This call has come from the British High Commissioner to Guyana, Andrew Ayre as he addressed a news conference at Cara Lodge, on Quamina Street in Georgetown.
Ayre observed that “Guyana is moving into a category of concern for the Commonwealth. That is quite clear from discussions that take place in London,” pointing out that the Commonwealth may impose sanctions on Guyana for its failure to hold long-delayed local government elections and lift the now two-month old suspension of Parliament.
The British High Commissioner noted that the United Kingdom could cut back bilateral aid, and suggested that Guyana could face sanctions including suspension from the international body because of violations of the Commonwealth Charter and Guyana’s Constitution.
Asked about the likelihood of sanctions, the United Kingdom (UK) envoy said “there is a clear danger of that and the suspension of Parliament on the 10th of November and the fact that it has not been resumed since then is a clear breach of the Commonwealth Charter and breach of Guyana’s Constitution.”
Local government elections have not been held since 1994, though Guyana's constitution says those polls should be held every three years.
Apart from suspension from the Commonwealth, Ayre said that “Guyana could be subjected to a critical review because it breaches the Commonwealth Charter.” He said that it was up to Guyana to decide what value it puts on its Commonwealth membership.
Guyana’s President Donald Ramotar prorogued the Parliament on November 10 hours before the majority-controlled National Assembly was due to debate and approve a no-confidence motion against his government.
Repeated efforts by his government to hold talks with the opposition have failed because A Partnership for National Unity (APNU) and the Alliance For Change (AFC) have ruled out any dialogue unless the suspension of Parliament is lifted.
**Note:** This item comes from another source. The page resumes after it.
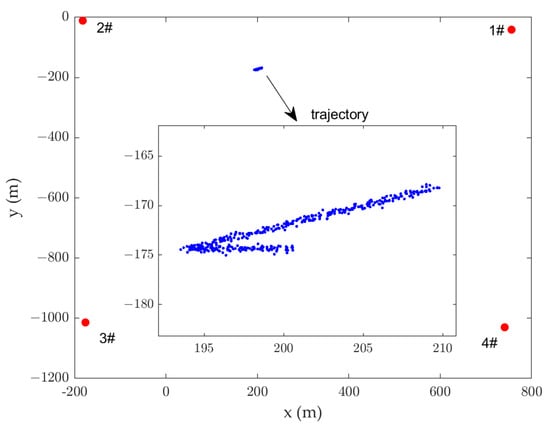 Four buoys were placed in a rectangular distribution to form a measurement area with coordinates 1# m, 2# m, 3# m, and 4# m. The depth of the transmitter on the target was 3 m. The trajectory of target is shown in Figure 12.

Against the background of no political talks, the UK government questioned the motive for the continued prorogation.
“Given that the stated reason for the prorogation was to have constructive talks with the majority opposition, and given that those talks are not going to happen, the United Kingdom is increasingly concerned as to what the basis for the suspension of Parliament is and how long it will last for,” said Ayre.
The British High Commissioner highlighted that the on-going prorogation of the Parliament was negatively impacting on accountability and would take a toll on current and future investments by British companies mainly in the extractive sector. He said the UK government would be hard pressed to convince British taxpayers that their monies are being well spent.
“Without a Parliament, there is no parliamentary oversight of government assistance or anything else. Clearly, the appetite to send money to a country that has no parliamentary oversight is much reduced,” he said.
Ayre hoped that President Ramotar would deliver on his promise late last year that general and regional elections would be held early this year because of the need to pass amendments to the Anti Money Laundering and Countering of Financing Terrorism (AML-CFT) Act and a national budget.
“It means that no budget can be passed, so local investment will eventually grind to a halt. And external investor confidence takes a further knock as insecurity around Guyana’s future prospects decreases the appetite of investors to take the risk of investing whilst pushing up the costs of so doing,” he said.
Brushing aside arguments that the Guyana situation was primarily a domestic matter, the UK High Commissioner pointed out that his country had invested significant sums of money to promote a more developed Guyana.
This he said was effected by way of bilateral local and regional development assistance through the European Union development programmes.